Did you ever think that creating your own artificial intelligence model is reserved only for corporations with billion-dollar budgets? I thought so, too. Until I came across Andrej Karpathy's tutorial and decided to test it out for myself.
The result? I created a working language model, and the cost of "training" it cost me only $15.

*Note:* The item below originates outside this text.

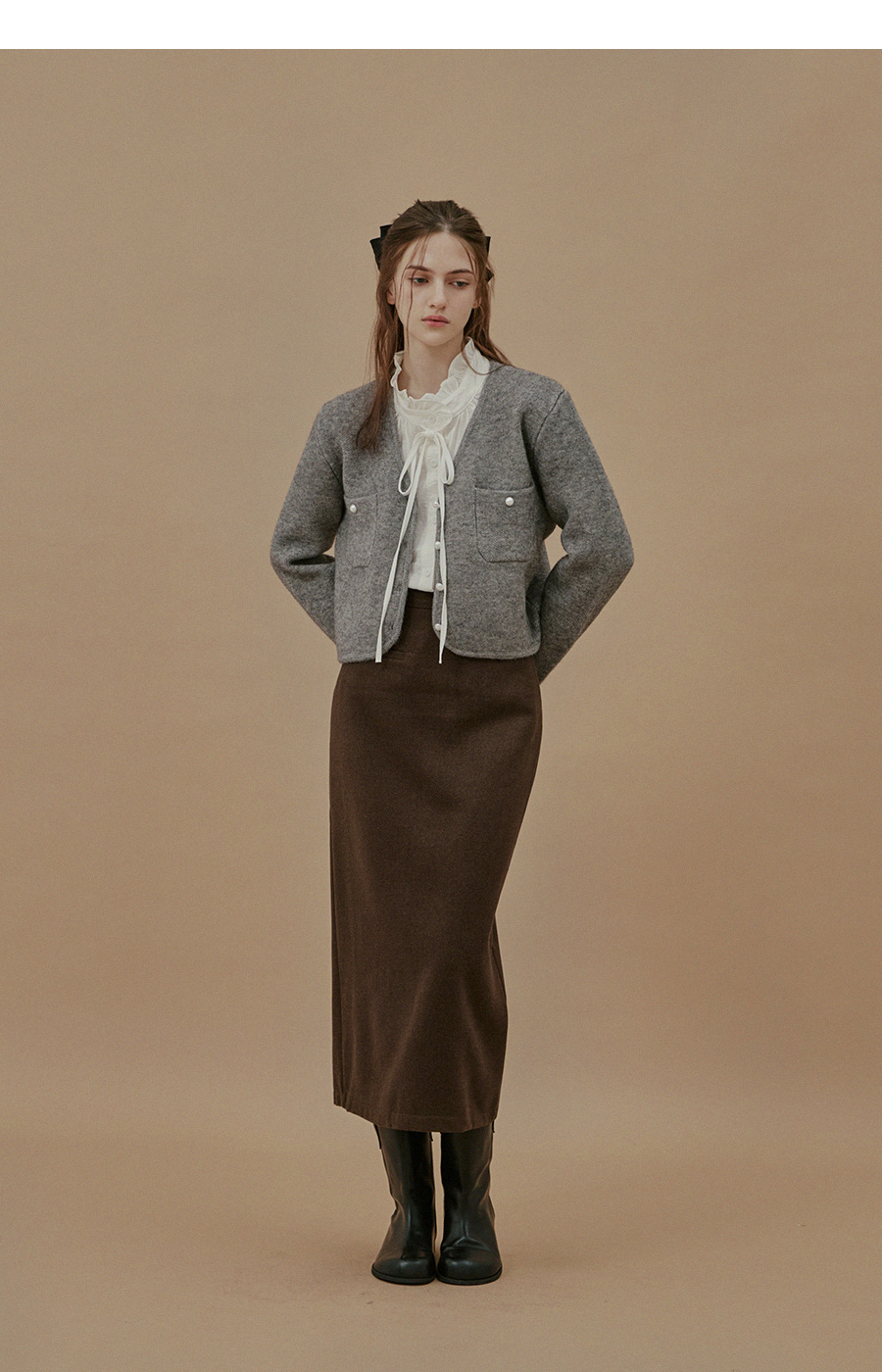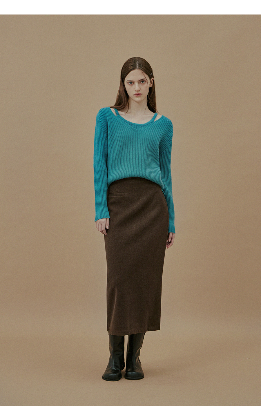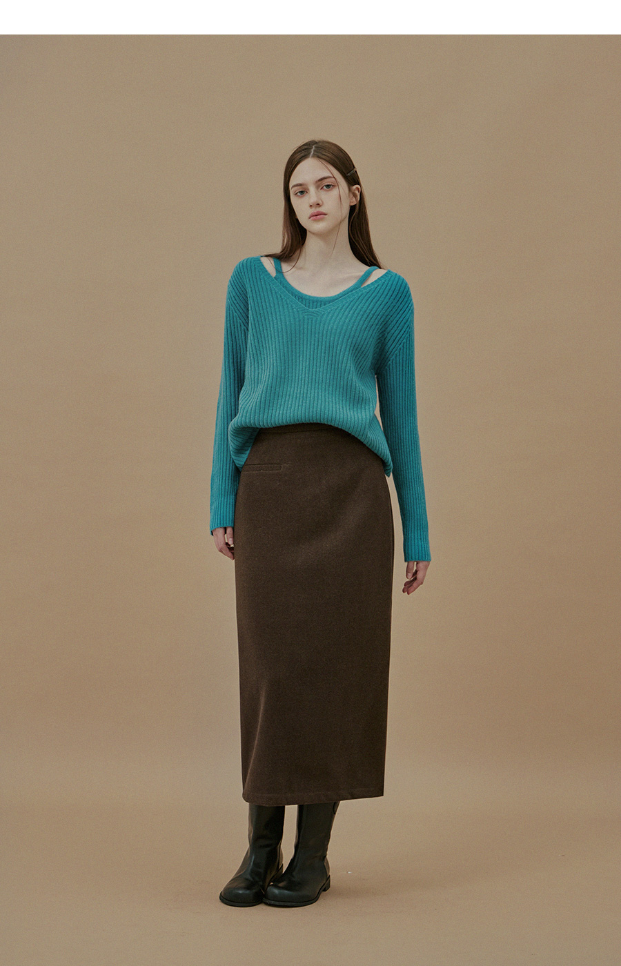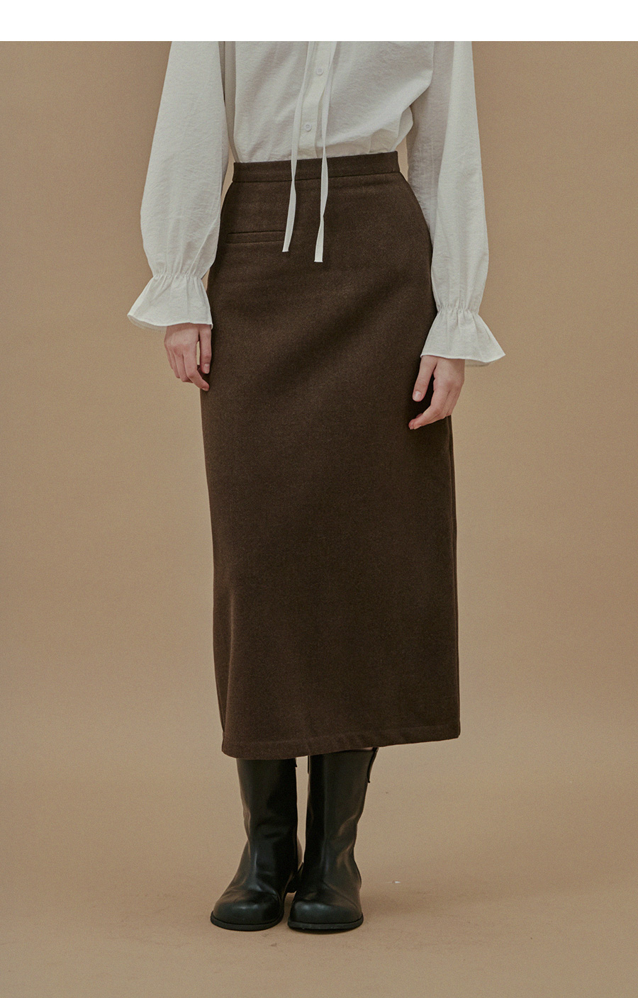 Yuta Rib Pocket Woolen fabric Long Skirt

Does this mean that for the price of a pizza I created a competitor to ChatGPT that I can implement in the company? Absolutely not. But this experience opened my eyes to how things work "under the hood."
GPT-2: Museum exhibit or great teacher?
The model I built (GPT-2 version 124M) is from 2019. In the world of AI, this is prehistory. To be honest: this model is not suitable for today's business. It won't write a flashy sales email, it won't analyze a complex report. Its capabilities are very limited compared to what we have on our phones today.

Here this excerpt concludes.